Package videosdk.plugins.inworldai

Sub-modules

videosdk.plugins.inworldai.tts

Classes

class InworldAITTS (*,
api_key: str | None = None,
model_id: str = 'inworld-tts-1',
voice_id: str = 'Hades',
temperature: float = 0.8,
audio_encoding: str = 'LINEAR16',
sample_rate: int = 24000)
Expand source code
class InworldAITTS(TTS):
    def __init__(
        self,
        *,
        api_key: str | None = None,
        model_id: str = DEFAULT_MODEL,
        voice_id: str = DEFAULT_VOICE,
        temperature: float = DEFAULT_TEMPERATURE,
        audio_encoding: str = "LINEAR16",
        sample_rate: int = INWORLD_SAMPLE_RATE,
    ) -> None:
        """Initialize the InworldAI TTS plugin.

        Args:
            api_key (Optional[str], optional): InworldAI API key. Defaults to None.
            model_id (str): The model ID to use for the TTS plugin. Defaults to "inworld-tts-1".
            voice_id (str): The voice ID to use for the TTS plugin. Defaults to "Hades".
            temperature (float): The temperature to use for the TTS plugin. Defaults to 0.8.
            audio_encoding (str): The audio encoding to use for the TTS plugin. Defaults to "LINEAR16".
            sample_rate (int): The sample rate to use for the TTS plugin. Defaults to 24000.
        """
        super().__init__(sample_rate=sample_rate, num_channels=INWORLD_CHANNELS)

        self.model_id = model_id
        self.voice_id = voice_id
        self.temperature = temperature
        self.audio_encoding = audio_encoding
        self.audio_track = None
        self.loop = None
        self._first_chunk_sent = False

        self.api_key = api_key or os.getenv("INWORLD_API_KEY")
        if not self.api_key:
            raise ValueError(
                "InworldAI API key must be provided either through:\n"
                "1. api_key parameter, OR\n"
                "2. INWORLD_API_KEY environment variable"
            )

        self._auth_header = f"Basic {self.api_key}"
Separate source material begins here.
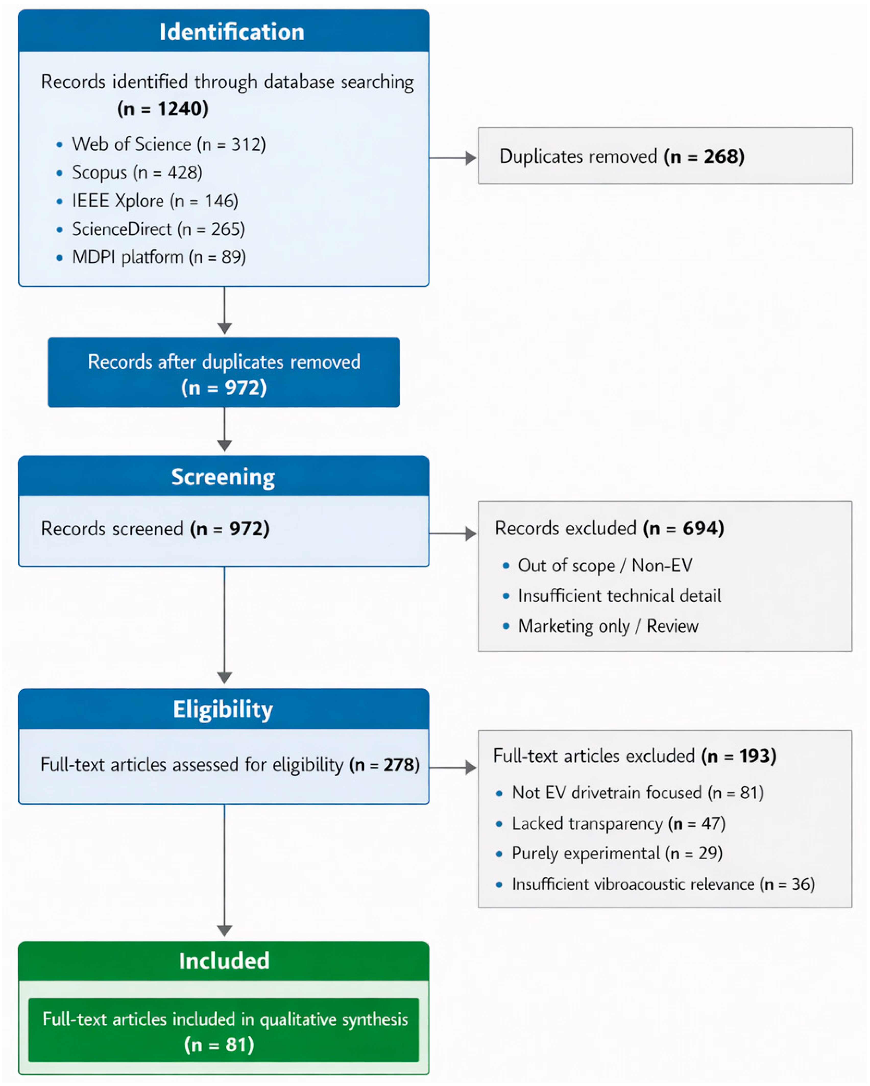 Searches were conducted across Web of Science, Scopus, IEEE Xplore, ScienceDirect, and MDPI’s journal platform, reflecting the multidisciplinary nature of e-NVH (electrical machines, drivetrain dynamics, structural vibration, acoustics, and sound quality).

        self._http_client = httpx.AsyncClient(
            timeout=httpx.Timeout(connect=15.0, read=30.0,
                                  write=5.0, pool=5.0),
            follow_redirects=True,
            limits=httpx.Limits(
                max_connections=50,
                max_keepalive_connections=50,
                keepalive_expiry=120,
            ),
        )

    def reset_first_audio_tracking(self) -> None:
        """Reset the first audio tracking state for next TTS task"""
        self._first_chunk_sent = False

    async def synthesize(
        self,
        text: AsyncIterator[str] | str,
        voice_id: Optional[str] = None,
        **kwargs: Any,
    ) -> None:
        """
        Convert text to speech using InworldAI's streaming TTS API

        Args:
            text: Text to convert to speech
            voice_id: Optional voice override
            **kwargs: Additional provider-specific arguments
        """
        try:
            if not self.audio_track or not self.loop:
                self.emit("error", "Audio track or event loop not set")
                return

            if isinstance(text, AsyncIterator):
                async for segment in segment_text(text):
                    await self._synthesize_streaming(segment, voice_id)
            else:
                await self._synthesize_streaming(text, voice_id)
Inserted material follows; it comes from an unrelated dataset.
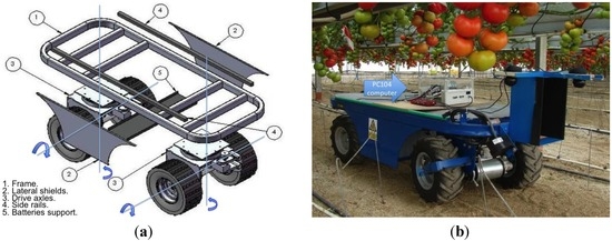 - Sánchez-Hermosilla, J.; Rodríguez, F.; González, R.; Guzmán, J.L.; Berenguel, M. A Mechatronic Description of an Autonomous Mobile Robot for Agricultural Tasks in Greenhouses. In Mobile Robots Navigation; Barrera, A., Ed.; InTech.: Rijeka, Croatia, 2010; pp. 583–608. [Google Scholar]

        except Exception as e:
            self.emit("error", f"InworldAI TTS synthesis failed: {str(e)}")

    async def _synthesize_streaming(
        self, text: str, voice_id: Optional[str] = None
    ) -> None:
        """Synthesize text using the streaming endpoint"""
        try:
            payload = {
                "text": text,
                "voiceId": voice_id or self.voice_id,
                "modelId": self.model_id,
                "audioConfig": {
                    "temperature": self.temperature,
                    "audioEncoding": self.audio_encoding,
                    "sampleRateHertz": self._sample_rate,
                },
            }

            headers = {
                "Authorization": self._auth_header,
                "Content-Type": "application/json",
                "Accept": "application/json",
            }

            async with self._http_client.stream(
                "POST",
                INWORLD_TTS_STREAMING_ENDPOINT,
                headers=headers,
                json=payload,
            ) as response:
                response.raise_for_status()

                async for line in response.aiter_lines():
                    if not line:
                        continue

                    try:
                        data = json.loads(line)

                        if "error" in data:
                            error = data["error"]
                            self.emit(
                                "error", f"InworldAI API error: {error.get('message', 'Unknown error')}")
                            return

                        if "result" in data and "audioContent" in data["result"]:
                            audio_content_b64 = data["result"]["audioContent"]
                            if audio_content_b64:
                                audio_bytes = base64.b64decode(
                                    audio_content_b64)

                                await self._stream_audio_chunk(audio_bytes)

                    except json.JSONDecodeError:
                        continue
                    except Exception as e:
                        self.emit(
                            "error", f"Error processing stream chunk: {str(e)}")

        except httpx.HTTPStatusError as e:
            if e.response.status_code == 401:
                self.emit(
                    "error", "InworldAI authentication failed. Please check your API key.")
            elif e.response.status_code == 400:
                try:
                    error_data = e.response.json()
                    error_msg = error_data.get("error", {}).get(
                        "message", "Bad request")
                    self.emit("error", f"InworldAI request error: {error_msg}")
                except:
                    self.emit(
                        "error", "InworldAI bad request. Please check your parameters.")
            else:
                self.emit(
                    "error", f"InworldAI HTTP error: {e.response.status_code}")
            raise

    async def _stream_audio_chunk(self, audio_bytes: bytes) -> None:
        """Stream a single audio chunk, removing WAV header if present"""
        if not audio_bytes:
            return

        audio_data = self._remove_wav_header(audio_bytes)

        if audio_data:
            if not self._first_chunk_sent and self._first_audio_callback:
                self._first_chunk_sent = True
                await self._first_audio_callback()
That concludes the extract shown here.